The contract for the rendition of legal services, according to the claim of appellant, consisted of letters and conversations between respondent and himself. As a part of the legal services rendered, appellant prepared, served, and filed a complaint in an action brought in the United States district court for Montana against certain defendants. The cross-examination was with reference to the interpretation to be placed upon letters bearing upon the personal liability of respondent for the compensation to be paid appellant and as to certain words used therein; also in regard to the purpose of the action brought in the United States district court in Montana. It is contended that the cross-examination was not responsive to the direct examination, that it called for parol evidence as to plain and unambiguous matters and for explanations of language in documents that spoke for themselves; and because of adverse rulings of the trial court it all had a distracting and prejudicial effect on the minds of the jurors.

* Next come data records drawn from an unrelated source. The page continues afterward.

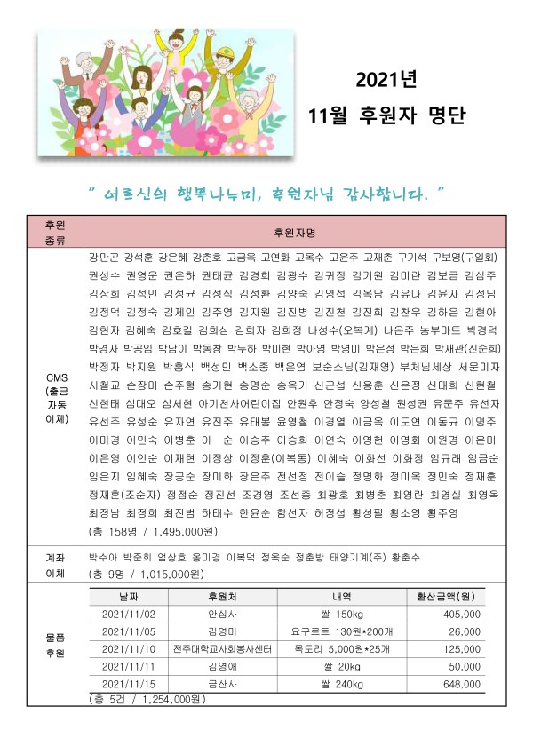 2021년 11월 후원자 현황입니다. 게시글 작성정보 작성자 서원노인복지관 작성일 21-12-09 17:41 조회수 1,442 댓글수 0 목록 게시글 본문 첨부파일 1개 2021년 11월 후원자 명단 홈페이지.jpg (3.3M) 0회 다운로드 첨부일시 : 2021-12-09 17:41:44 이전글 2021년 11월 자원봉사자 현황 21-12-14 다음글 2021년 10월 후원자 현황입니다. 21-11-10 댓글 0 등록된 댓글이 없습니다. 목록
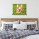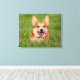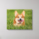 Este es un Corgi muy lindo jugando en la impresión de lienzo envuelto en hierba
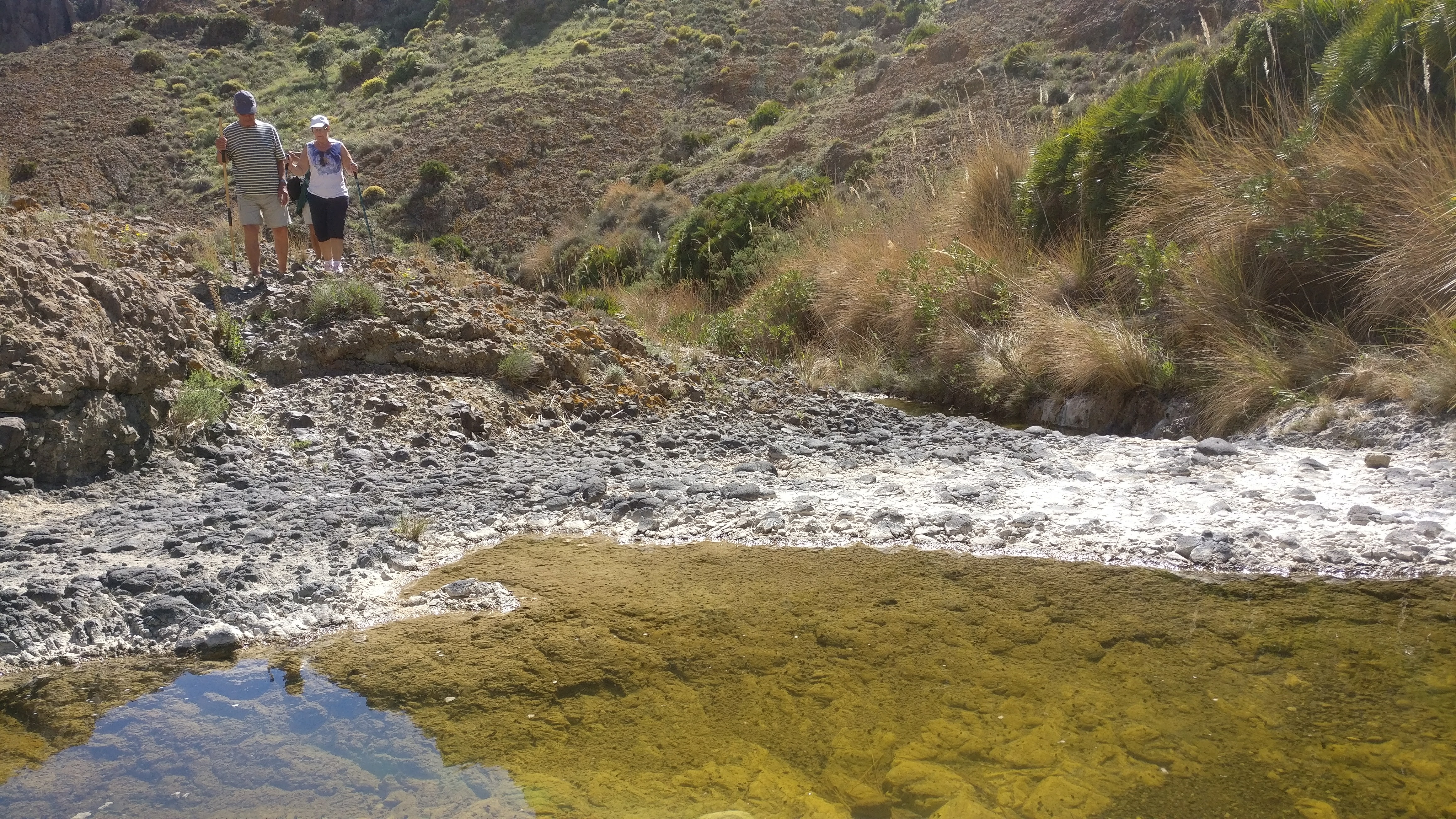 De Barranca van Las Negras is een rivierbedding waar hier en daar inderdaad waterpartijen zijn. Dat is heel uitzonderlijk. Waterlopen en rivieren staan hier meestal droog. We noemen ze rambla’s (droge rivierbedding) Een barranca is een ravijn. Er zouden schildpadden zitten, maar wij hebben ze niet gezien. Kikkers wel. Je kunt de barranca ongeveer 2 km volgen tot aan een piepklein huis. Manfred zou er voolgens vrienden wonen, maar hij was niet thuis. Hij beschikt er over water uit een diepe ondergrondse waterlaag via een waterput die nog dateert uit de tijd van de moren.
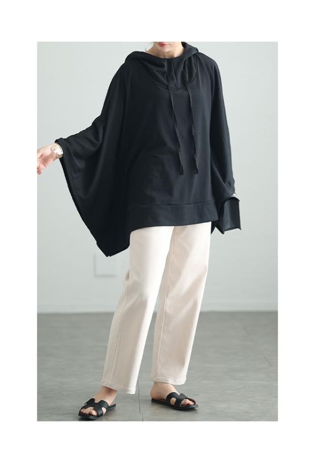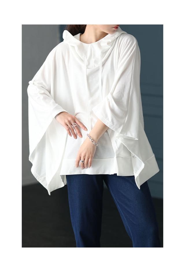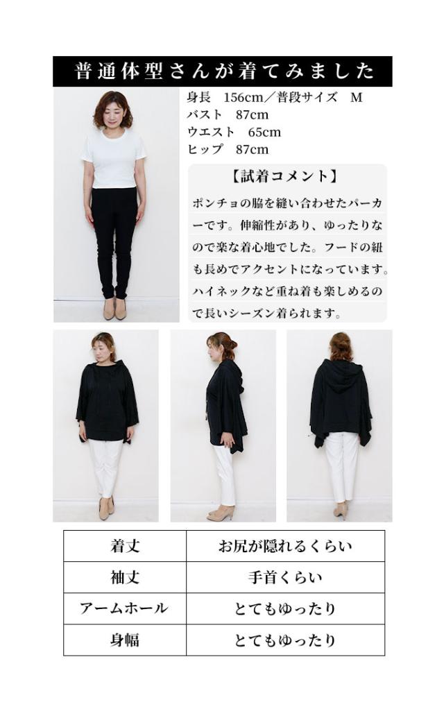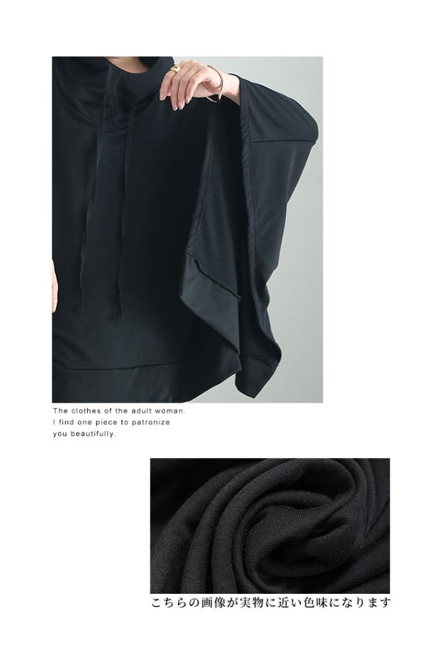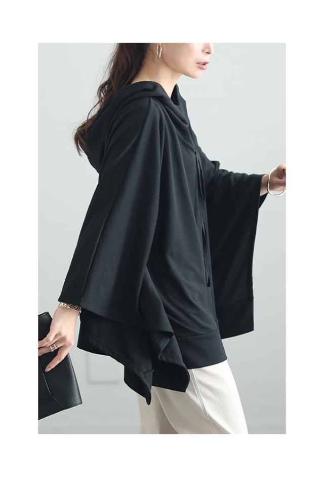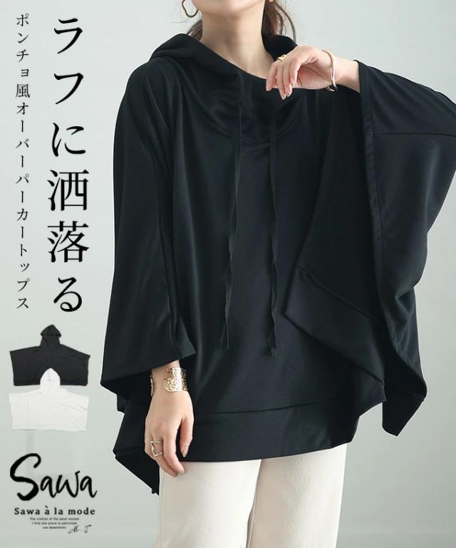 春新作 一瞬でモードな着こなしポンチョ風パーカー レディース ファッション チュニック トップス パーカー プルオーバー フード 変形 ポンチョ 無地 黒 白 30代 40代 50代 60代 サワアラモード sawaalamode otona 大人 cawaii 可愛い 洋服 かわいい服 sawa-9613

[5] In determining the questions raised on this branch of the appeal, we must have in mind that appellant was a party to the action and had testified in support of the allegations of his complaint. Under such circumstances, a trial court is vested with a wide discretion in determining the scope and extent of the cross-examination. We agree with appellant as to the existence of the general rules of evidence set forth in his brief, but after a perusal of his direct and cross-examination we are unable to conclude the trial court misapplied them to the extent it can be said it abused its discretion. Counsel was seeking to refute or at least minimize the effect of evidence submitted by appellant, and while it was not made very clear what was the purpose of some of the cross-examination, particularly with reference to the Montana suit, we think the trial court was justified in overruling the objections made.

 Nov. 1945]         MELTON v. UNITED RETAIL MERCHANTS.     145

The judgment is reversed, and the case remanded for the entry of an order granting appellant a new trial.

BEALS, C. J., BLAKE, ROBINSON, and JEFFERS, JJ., concur.